All the contacts you have plus your relationships with them. Your daily
movements, right down to guessing bathroom breaks. Plus information on the
connections you use and potentially the devices around you.

The list goes on...

------
StoryFinder
That final quote just sums it all up: "The primary cause would be that the
strength of a giant nation was directed by eyes too blind to see all the
hazards of the struggle; and the blindness would be induced not by some
accident of nature or history but by hatred and vainglory.”

------
norea-armozel
The worse of the modern surveillance zealotry is the fact they claim they'll
leave people with non-mainstream opinions alone yet I've seen all kinds of
arguments that even people who support anarchism should be placed under close
observation or in prison.

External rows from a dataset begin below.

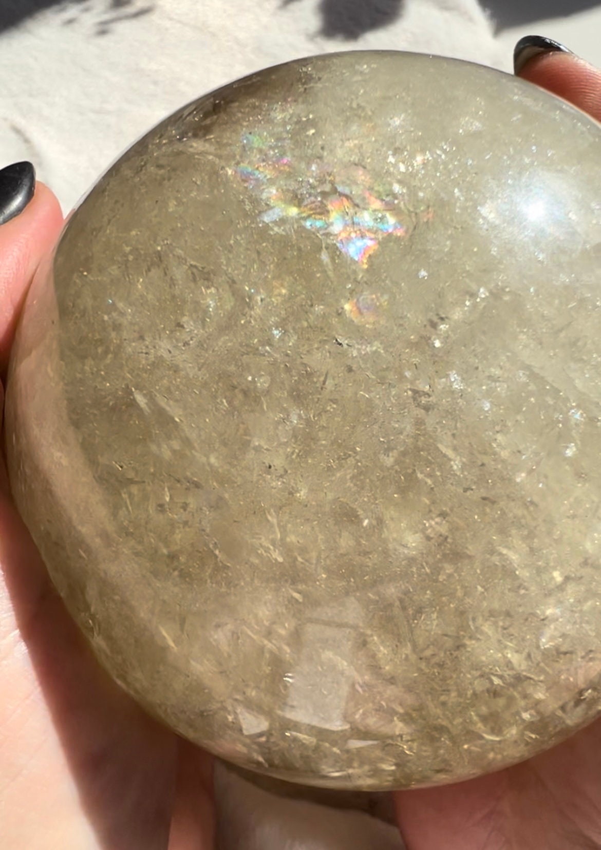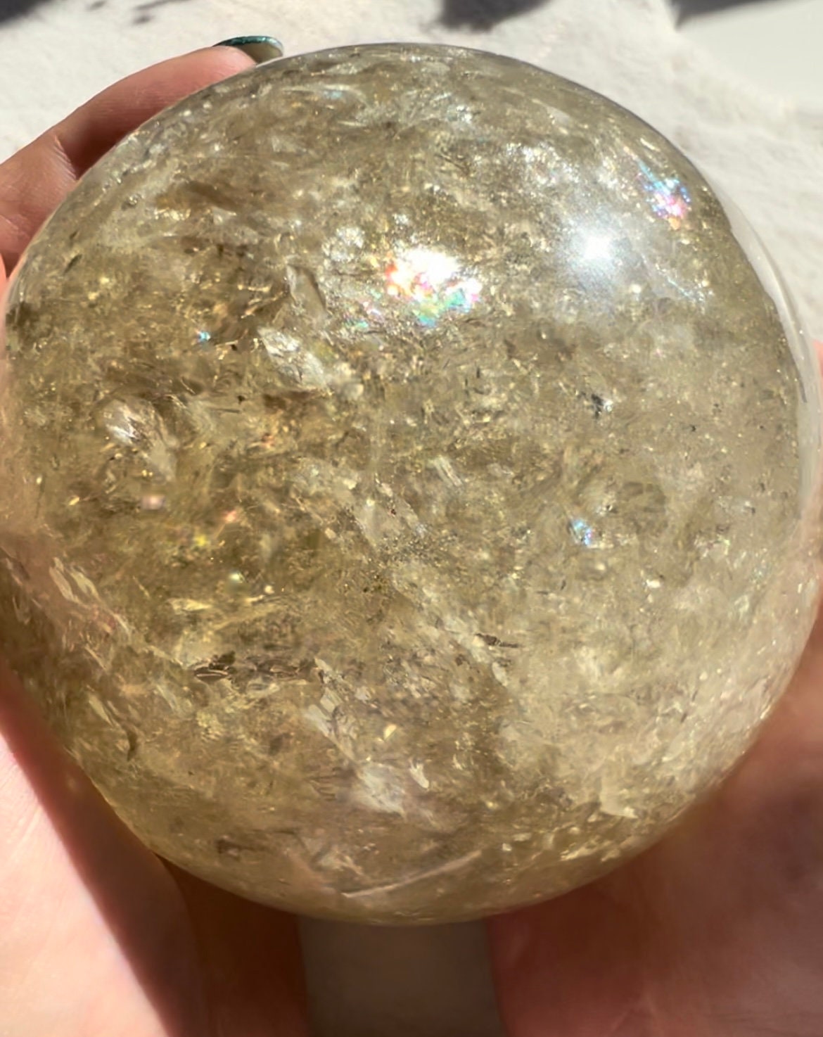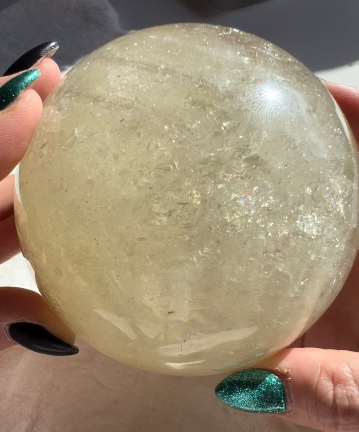 Citrin, bekannt für seine warmen, sonnigen Farben, wird oft als Stein der Freude und des Optimismus betrachtet. Die Regenbogeneinschlüsse in dieser Kugel verleihen ihr eine zusätzliche Schicht der Magie, da sie das Licht einfangen und in ein Spektrum von Farben brechen, was die Energie des Steins noch verstärkt.
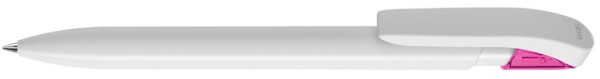 Druckkugelschreiber mit gedeckt glänzendem Gehäuse in uni weiß oder schwarz und farbig... mehr
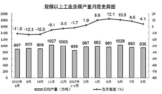 8月份,全國原煤產(chǎn)量2.9億噸,同比增長4.1%,增速比7月份回落4.4個百分點;較上月減少361萬噸,環(huán)比下降1.23%;日均生產(chǎn)938.0萬噸,比7月份減少11.6萬噸。1~8月份,原煤產(chǎn)量23.0億噸,同比增長5.4%,增速與前7月持平。
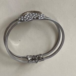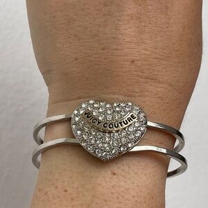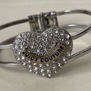 Juicy Couture Clear Crystal Heart Hinged, Clamper silver tone bracelet

This troubles me because the whole idea that even if
you're an anarchist that doesn't mean you are violent or willing to be so
disruptive as to become a terrorist. I'm a mutualist anarchist and honestly I
don't care if the government exists or not since there's not much I can
personally do to it. Just espousing my ideas seems to rub certain people the
wrong way even if 99.9% of the time they're purely academic in scope. The fact
that technology exists to allow them to spy on me means they can constantly
harass me and others like me into silence or complete seclusion. So much for a
liberal society, eh?

------
dandelion_lover
Why http-link when there is an https one?
[https://www.laphamsquarterly.org/spies/open-
inspection](https://www.laphamsquarterly.org/spies/open-inspection)

------
JustSomeNobody
I wonder how long until we have checkpoints at the borders of each state as
yet another means of privacy invasion.

I also wonder at what point will the citizens wake up and just say no.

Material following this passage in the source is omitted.